La imaginería de Cela en estos cuatro ensayos de 1942 y 1943 no se logra siempre, pero el mismo
intento fallido revela su intención de singularizarse. «A propósito» comienza con una metáfora sin
mucho ángel: “El arte funerario siempre nos ha sobrecogido un poco el ánimo, con su interrogante
mudo como el hielo parado en el lindero de la muerte”. Otros ejemplos de este texto, más o menos
conseguidos:

La fe es un clavo ardiendo al que nos asimos en la agonía...

La agria carantamaula del encerrado a cal y canto, sin el alivio de la tierra que se esponja...

Quien dejó contestadas todas las preguntas al caer herido de muerte con el plomo que no
pudo aguantar su presencia, por el plomo que le arruinó la carne, la carne mortal, y que le
abrió las puertas, eternas, de los corazones...

De «Tránsito»:

Cuando don Miguel de Unamuno, vasco capitán que navegó por la mar de trigo de Castilla,
profesor de lenguas muertas, maestro del decir vivo, barbudo y sin sombrero...

Mas bien un ansia de a real la vara y un arrimarse tan demasiado al suelo que nos conducía
a volvernos no más que estrecha zarza del sendero, que mimbre flaco de la vereda, que nido
de gorriones en el morral, [que] ciempiés debajo del abandonado adoquín de la cuneta.

De «José Antonio»:

Pero llamar al pan, pan, y al vino, vino, tiene a veces su quiebra y su peligro. Porque la obra
59

dura, perdura y fructifica.

Porque nunca es alegre morir a tu edad; aunque esperamos aquella certera y mal fundida bala
sin jactancia y sin protesta.

De «Aquella noche...»:

[La] luna se va dejando caer, entre cauta y vagarosa, por su prevista senda. Aquella nube
sombría que arrastró el viento, aquella nube, con su borde de encaje y su dulzura, llegará a
la costa africana cuatro, seis horas más tarde.

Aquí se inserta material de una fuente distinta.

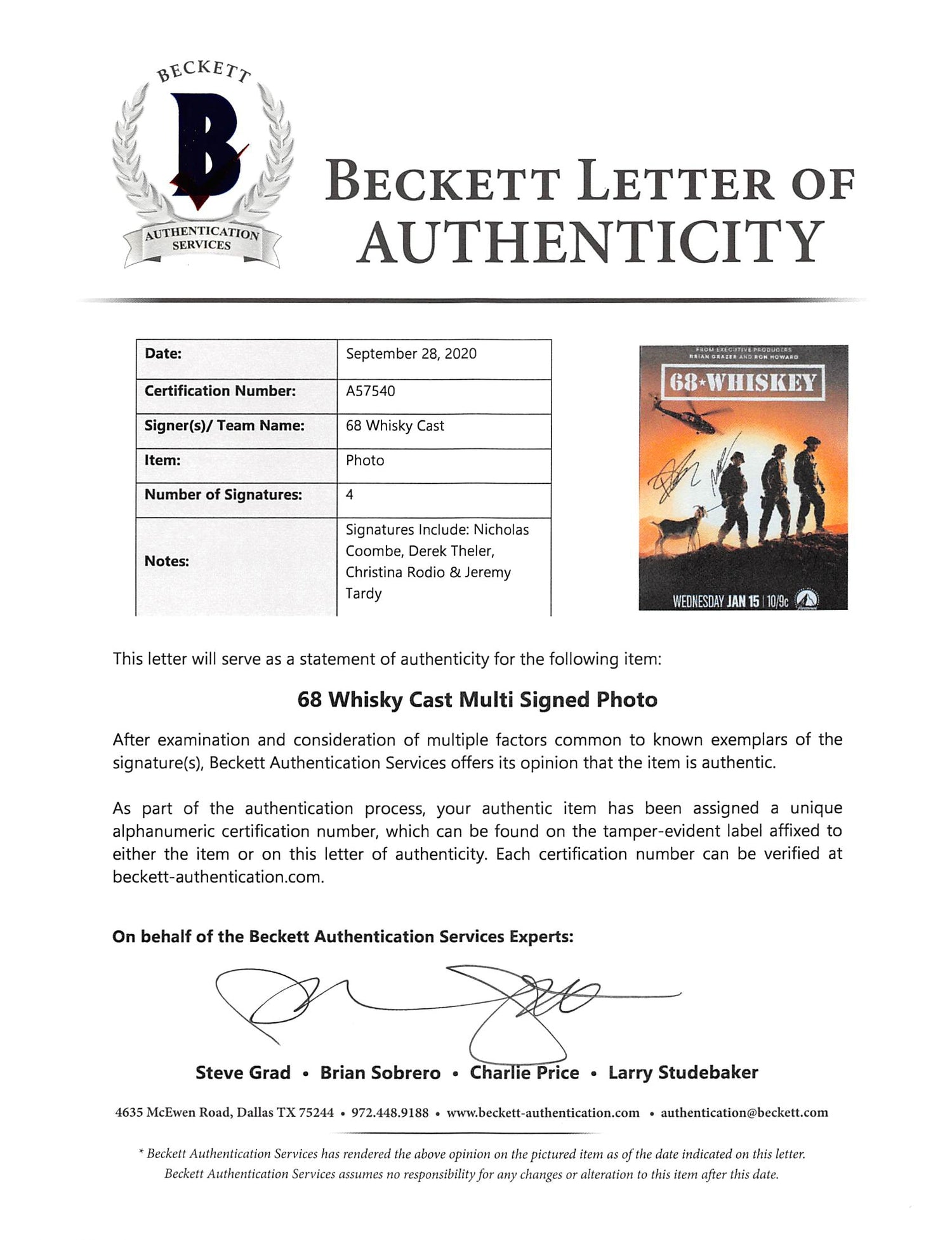 68 Whiskey (4) Coombe, Theler, Rodio & Tardy Signed 11x14 Photo BAS #A57540 is backordered and will ship as soon as it is back in stock.

Hubo un instante aquella noche en que todos los niños se desvelaron, todos los pájaros
contuvieron su blando respirar, todas las mujeres del mundo dieron una vuelta, estremecidas,
entre las blancas sábanas.

Esta muestra de algunos de los planteamientos e imágenes de Cela, podría revelar cómo el escritor
cuida su expresión. Por el recurso de metáforas (“la fe es un clavo ardiendo”, “la mar de trigo de
Castilla”, nube de encaje y dulzura), el pareo de sustantivos y verbos para conseguir una cadencia
musical, poética (“su quiebra y su peligro”, “la obra dura, perdura y fructifica”), la repetición de
algunos vocablos de alcance dramático (“agonía”, “plomo”, “bala”, “carne”), la selección y posición
de los adjetivos (“hielo parado”, “agria carantamaula”, “vasco capitán”, “alegre [el] morir”, “mal
fundida bala”, “blando respirar”, “blancas sábanas”). Cela, así y todo, pierde de momento su
ecuanimidad retórica, hacia el cierre de «José Antonio»:

Que los santos, los tímidos, los timoratos, los apocados, los encogidos, los consumidos, los
cortos, los cuitados, los desdichados, los pusilánimes, los aturdidos, los atados, los
atarugados, los escrupulosos, los premiosos, los remisos, los ñoños, los cagapoquito y los
agrarios no vuelvan a tener oídos de mercader, no vuelvan a la fábula que acabó en masacre...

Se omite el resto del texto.